• [TASK OBJECTIVE]:
Reproduce every entry below exactly, minus the pictures.

-- DATA FOR THIS EXERCISE follows --

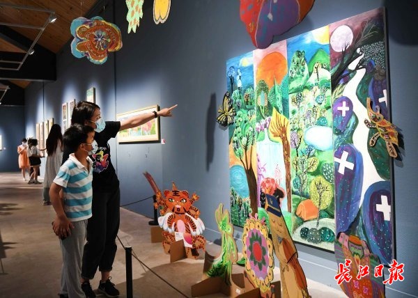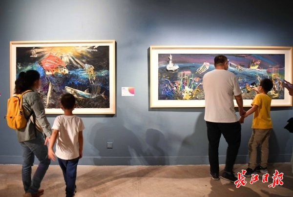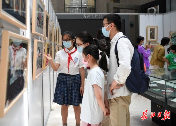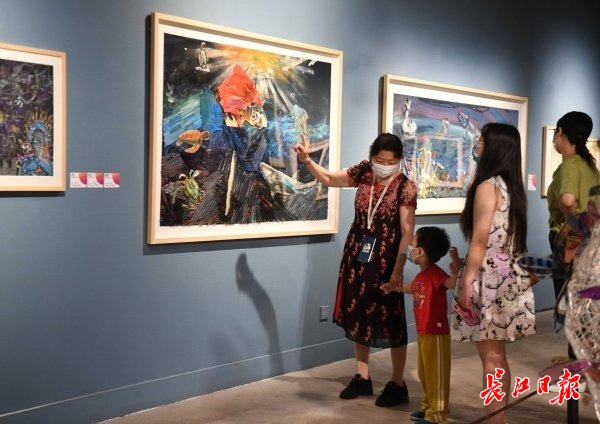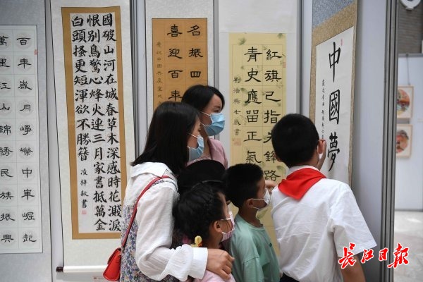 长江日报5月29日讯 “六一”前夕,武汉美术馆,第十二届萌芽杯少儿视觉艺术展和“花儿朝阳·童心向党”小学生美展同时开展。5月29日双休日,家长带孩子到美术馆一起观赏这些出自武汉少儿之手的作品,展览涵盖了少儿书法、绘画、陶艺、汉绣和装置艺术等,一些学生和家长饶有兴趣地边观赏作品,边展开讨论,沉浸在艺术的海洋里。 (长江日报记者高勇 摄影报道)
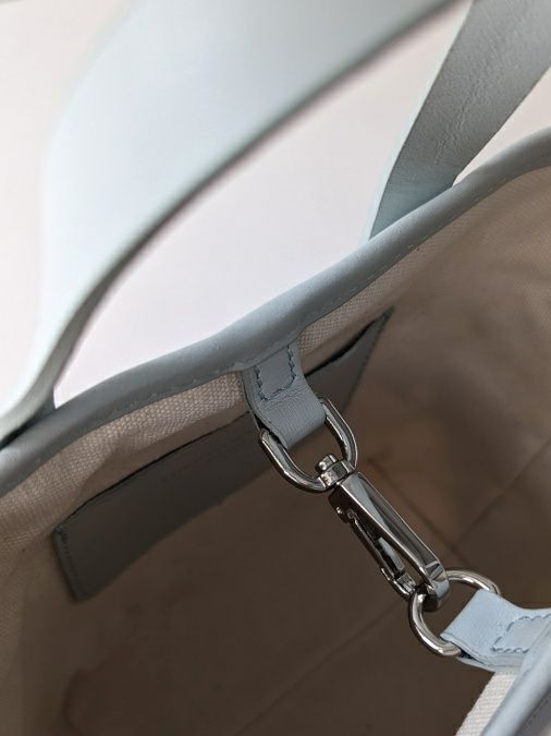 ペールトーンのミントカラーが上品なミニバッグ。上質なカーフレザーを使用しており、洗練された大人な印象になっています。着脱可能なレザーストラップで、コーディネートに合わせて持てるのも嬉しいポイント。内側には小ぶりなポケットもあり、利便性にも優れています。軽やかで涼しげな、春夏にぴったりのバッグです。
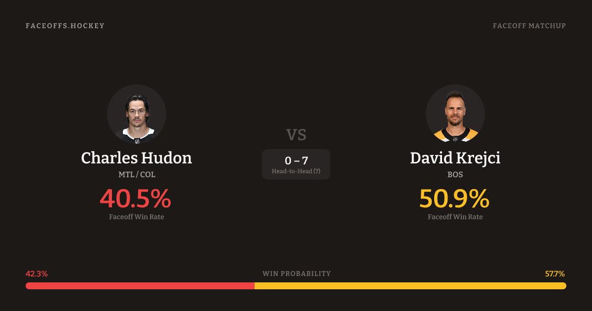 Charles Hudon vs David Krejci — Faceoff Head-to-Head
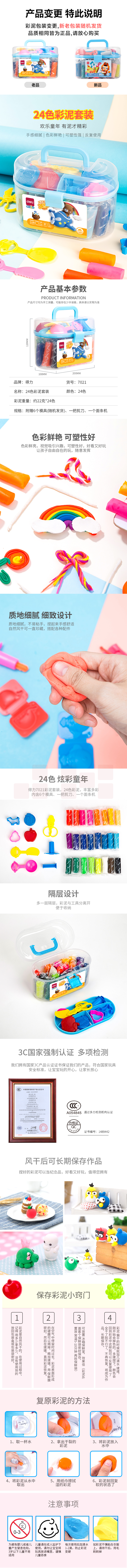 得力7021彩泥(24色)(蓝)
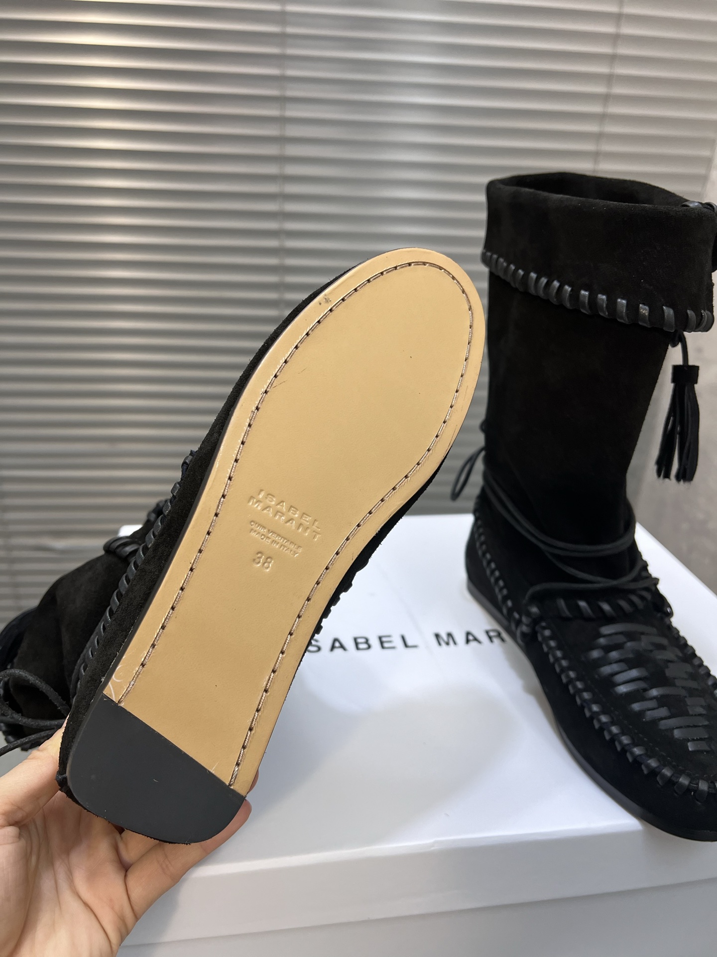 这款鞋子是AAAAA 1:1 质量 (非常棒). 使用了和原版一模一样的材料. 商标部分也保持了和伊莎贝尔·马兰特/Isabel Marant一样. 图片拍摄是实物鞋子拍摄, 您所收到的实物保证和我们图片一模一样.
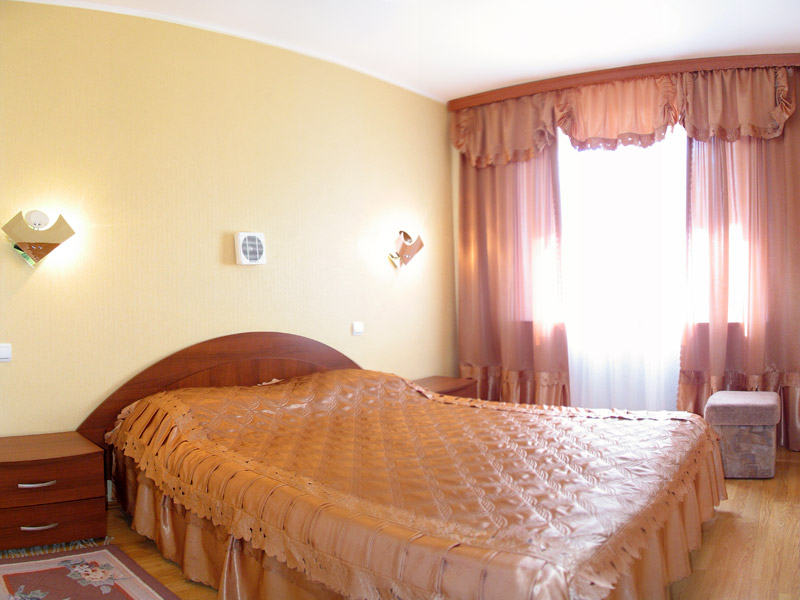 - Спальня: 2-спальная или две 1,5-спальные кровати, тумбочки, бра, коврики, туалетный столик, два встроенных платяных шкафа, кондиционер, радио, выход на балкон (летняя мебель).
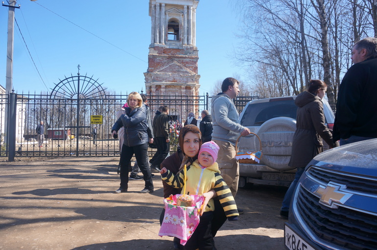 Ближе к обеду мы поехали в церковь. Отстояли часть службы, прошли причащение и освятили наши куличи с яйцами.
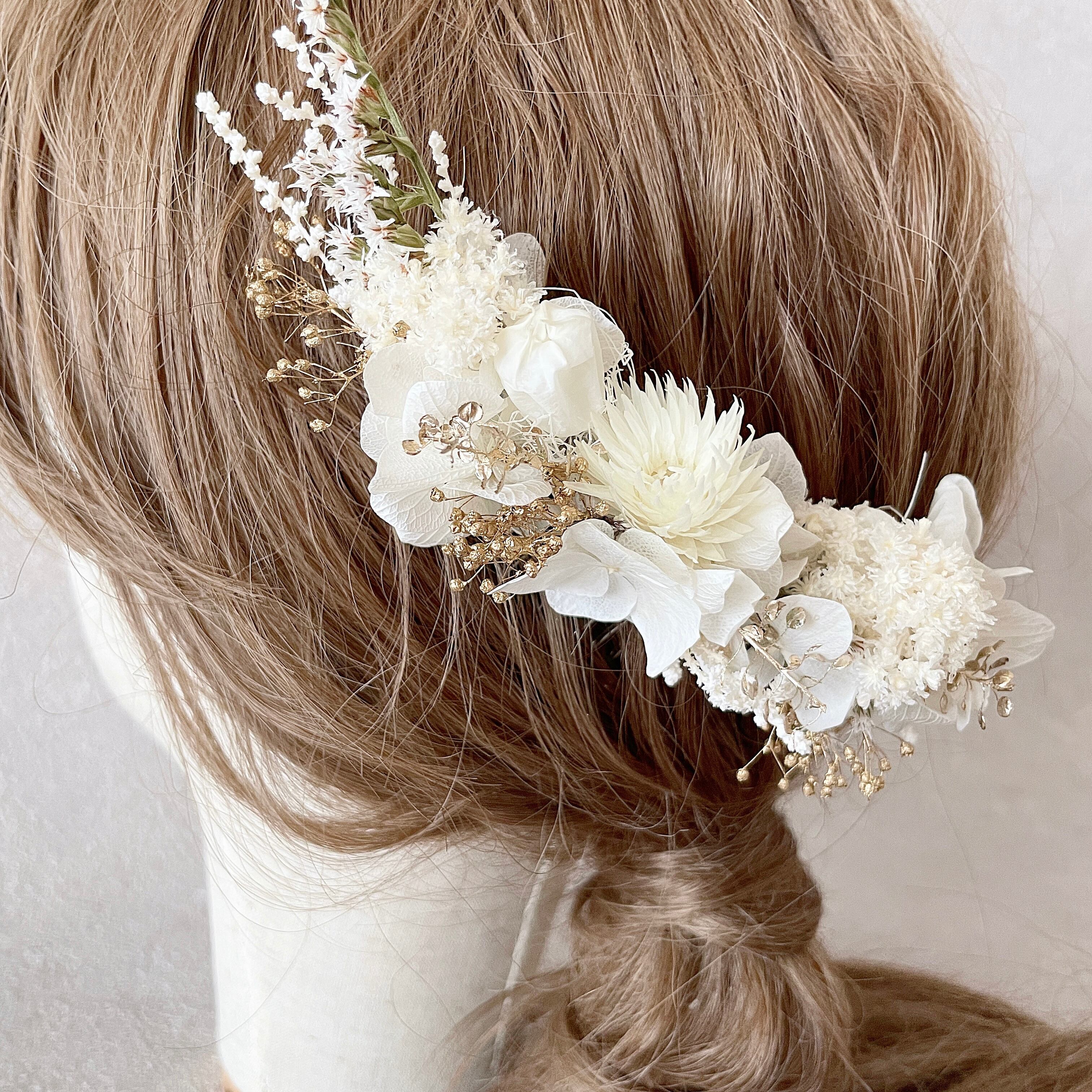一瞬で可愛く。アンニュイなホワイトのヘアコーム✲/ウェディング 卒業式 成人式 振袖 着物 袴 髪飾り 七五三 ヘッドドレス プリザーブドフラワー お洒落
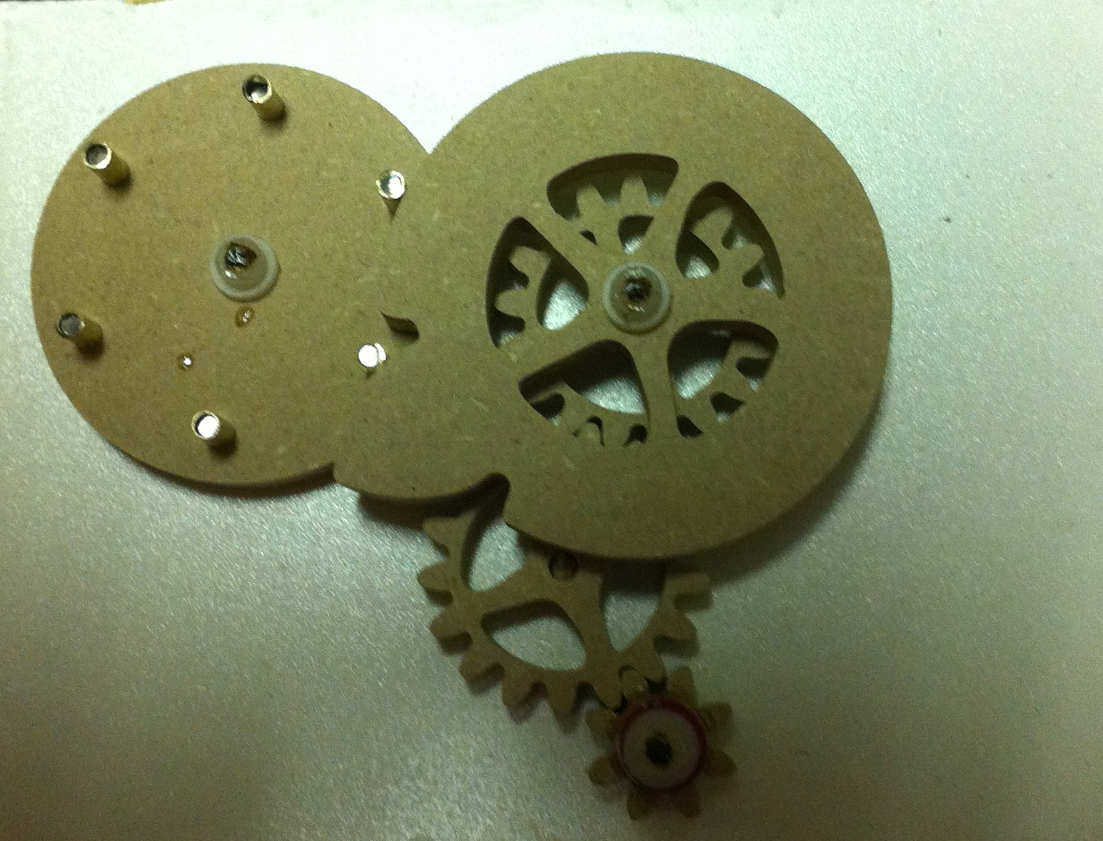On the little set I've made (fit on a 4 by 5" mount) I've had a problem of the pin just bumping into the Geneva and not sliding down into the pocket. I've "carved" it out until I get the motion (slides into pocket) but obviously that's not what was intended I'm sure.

-- DATA FOR THIS EXERCISE concluded --

• [RESPONSE AREA]:
 长江日报5月29日讯 “六一”前夕,武汉美术馆,第十二届萌芽杯少儿视觉艺术展和“花儿朝阳·童心向党”小学生美展同时开展。5月29日双休日,家长带孩子到美术馆一起观赏这些出自武汉少儿之手的作品,展览涵盖了少儿书法、绘画、陶艺、汉绣和装置艺术等,一些学生和家长饶有兴趣地边观赏作品,边展开讨论,沉浸在艺术的海洋里。 (长江日报记者高勇 摄影报道)
 ペールトーンのミントカラーが上品なミニバッグ。上質なカーフレザーを使用しており、洗練された大人な印象になっています。着脱可能なレザーストラップで、コーディネートに合わせて持てるのも嬉しいポイント。内側には小ぶりなポケットもあり、利便性にも優れています。軽やかで涼しげな、春夏にぴったりのバッグです。
 Charles Hudon vs David Krejci — Faceoff Head-to-Head
 得力7021彩泥(24色)(蓝)
 这款鞋子是AAAAA 1:1 质量 (非常棒). 使用了和原版一模一样的材料. 商标部分也保持了和伊莎贝尔·马兰特/Isabel Marant一样. 图片拍摄是实物鞋子拍摄, 您所收到的实物保证和我们图片一模一样.
 - Спальня: 2-спальная или две 1,5-спальные кровати, тумбочки, бра, коврики, туалетный столик, два встроенных платяных шкафа, кондиционер, радио, выход на балкон (летняя мебель).
 Ближе к обеду мы поехали в церковь. Отстояли часть службы, прошли причащение и освятили наши куличи с яйцами.
一瞬で可愛く。アンニュイなホワイトのヘアコーム✲/ウェディング 卒業式 成人式 振袖 着物 袴 髪飾り 七五三 ヘッドドレス プリザーブドフラワー お洒落
On the little set I've made (fit on a 4 by 5" mount) I've had a problem of the pin just bumping into the Geneva and not sliding down into the pocket. I've "carved" it out until I get the motion (slides into pocket) but obviously that's not what was intended I'm sure.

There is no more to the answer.